Turned out to be pretty easy to integrate the ssd_mobilenet_v2_coco model compiled for the Intel NCS 2 into rt-ai Edge. Since it doesn’t use the GPU, I was able to run this and the YOLOv3 SPE on the same machine which is kind of amusing – one YOLOv3 instance tends to chew up most of the GPU memory, unfortunately, so the GPU can’t be shared. I would have liked to have run YOLOv3 on the NCS 2 for direct comparison but could not. The screen capture above shows the MediaView SPE output for both detectors running on the same 1280 x 720 video stream.

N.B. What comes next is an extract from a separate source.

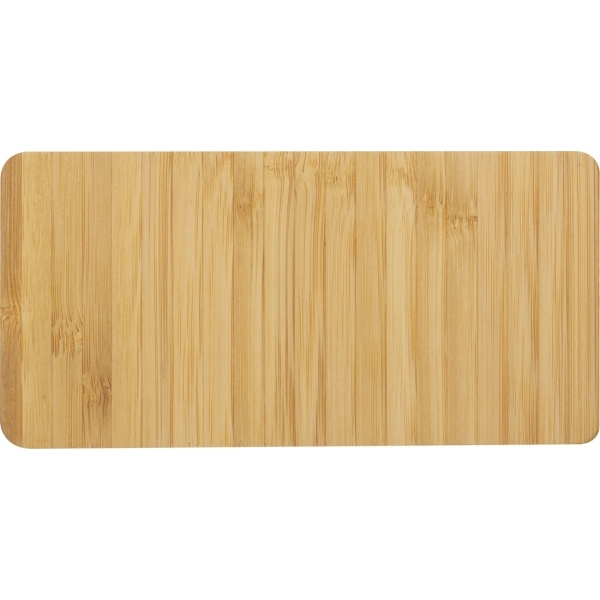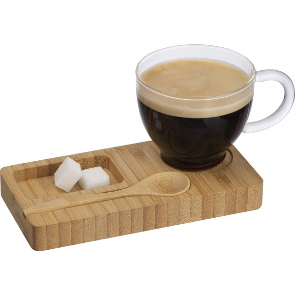 Bambutarjotin, jossa bambulusikka, boorisilikaattilasimuki (150ml) ja paikka sokerille tai suklaalle jne. Logosi kaiverretaan taululle.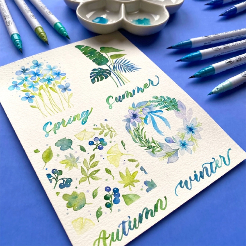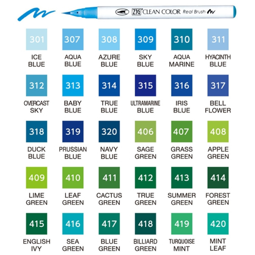 Kuretake 日本吳竹 ZIG 彩繪毛筆 三十色套組B(藍綠色系)

This is the design and it is showing the throughput of each detection SPE – 14 fps for the GTX 1080 ti YOLO and 9 fps for the NCS 2 based SSD. Not exactly a fair comparison, however, but still interesting. It would be much better if I had the same model running using a GPU of course. Right now, the GPU-based SPE that can run ssd_mobilenet_v2_coco (and similar models) is Python based and that (not surprisingly) runs a fair bit slower than the compiled C++ versions I am using here.

Running YOLOv3 with OpenVINO on CPU and (not) NCS 2


Since OpenVINO is the software framework for the Neural Compute Stick 2, I thought it would be interesting to get the OpenVINO YOLOv3 example up and running. While the toolkit download does include a number of models, YOLOv3 isn’t one of them. Instead, the model has to be created from a TensorFlow version.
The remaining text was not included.